Friday, October 14, 2016

BRIMSTONE - BFI LFF 2016 - Day 10


BRIMSTONE is a beautifully photographed and designed western thriller that features Dakota Fanning and Guy Pearce in fiercely committed performances.  However, it falls into the trap of seeking to portray and condemn sexual violence against women by basically showing us a lot of sexual violence against women, in such a manner and style that it almost seems to be enjoying it.  The result is a film that looks beautiful and is certainly fiercely focussed on what it wants to achieve, but which jumps the shark at several key moments, and left me wondering whether it was good with occasional misjudgments, or just plain objectionable.

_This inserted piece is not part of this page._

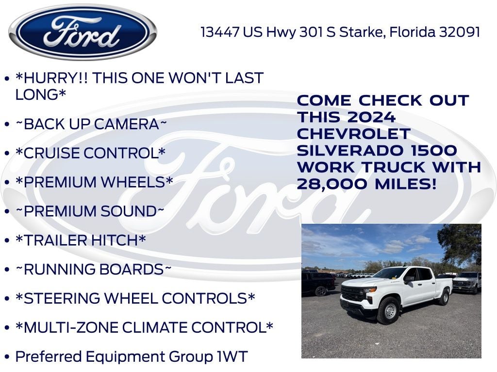 Recent Arrival! CARFAX One-Owner. Priced below KBB Fair Purchase Price! Murray Ford Superstore of Starke is excited to offer this stout 2024 Chevrolet Silverado 1500 in Summit White This vehicle is readily available and comes with the following Preferred Equipment Group 1WT (3.5 Monochromatic Display Driver Info Center, Black (Semi-Gloss) Front Bumper, Black (Semi-Gloss) Rear Bumper, Black Manual Outside Mirrors, Bluetooth® For Phone, Chevrolet Connected Access Capable, Electrical Steering Column Lock, Front Frame-Mounted Black Recovery Hooks, HD Rear Vision Camera, Inside Rear-View Mirror w/Tilt, Locking Tailgate, Manual Tailgate Function w/No EZ Lift, Manual Tilt Wheel Steering Column, OnStar & Chevrolet Connected Services Capable, Power Front Windows w/Driver Express Up/Down, Power Front Windows w/Passenger Express Down, Power Rear Windows w/Express Down, Rear 60/40 Folding Bench Seat (Folds Up), Remote Keyless Entry, Rubberized-Vinyl Floor Covering, SiriusXM Delete, Solar Absorbing Tinted Glass, Standard Tailgate, and Wi-Fi Hot Spot Capable), Standard Suspension Package, WT Convenience Package (Deep-Tinted Glass, Electric Rear-Window Defogger, Electronic Cruise Control, and Heated Power-Adjustable Outside Mirrors), 8-Speed Automatic, Jet Black Vinyl, 220 Amp Alternator, 3.42 Rear Axle Ratio, 4-Wheel Disc Brakes, 40/20/40 Front Split-Bench Seat, 6 Speakers, 6-Speaker Audio System, ABS brakes, Air Conditioning, Auto High-beam Headlights, Automatic Emergency Braking, Brake assist, Chevytec Spray-On Black Bedliner, Compass, Delay-off headlights, Driver door bin, Dual front impact airbags, Dual front side impact airbags, Electronic Stability Control, Following Distance Indicator, Forward Collision Alert, Front anti-roll bar, Front Center Armrest w/Storage, Front Pedestrian Braking, Front reading lights, Front wheel independent suspension, Fully automatic headlights, Illuminated entry, IntelliBeam Automatic High Beam On/Off, Lane Keep Assist w/Lane Departure Warning, Low tire pressure warning, Occupant sensing airbag, Outside temperature display, Overhead airbag, Overhead console, Panic alarm, Passenger door bin, Passenger vanity mirror, Power steering, Power windows, Premium audio system: Chevrolet Infotainment 3, Radio data system, Radio: Chevrolet Infotainment 3 System, Rear reading lights, Rear step bumper, Remote keyless entry, Speed-sensing steering, Split folding rear seat, Tachometer, Tilt steering wheel, Traction control, Trip computer, Variably intermittent wipers, Vinyl Seat Trim, Voltmeter, and Wheels: 17 x 8 Ultra Silver Painted Steel;

The film is set in the American midwest in the mid 1800s and focusses on a young mute woman (Dakota Fanning) who is a wife and mother to two small children.  In the first of four chapters we see her incite the vengeance of a mean-spiritied judgmental preacher (Guy Pearce) out of all proportion to her apparent crime of having chosen to save a mother over her baby in a troubled delivery.  But still, in this chapter I was convinced this film was going to be a well-acted, tense, taut thriller. That is until a final act of violence so absurd it pulled me out of the film.  But that was ok, because we then moved into the second chapter, and an apparent re-set of the film, as we met a young runaway girl being picked up by Chinese travellers and sold to a brothel keeper.  This was by far the most interesting and successful segment of the film but once again utterly jumped the shark with violence by the end.  And it was notable that at both of these points in the film, a number of people walked out.  Bu the film got really problematic in its third and fourth segment, where the true nature of the relationship between the preacher and the girl is revealed in all its melodramatic, exploitative detail.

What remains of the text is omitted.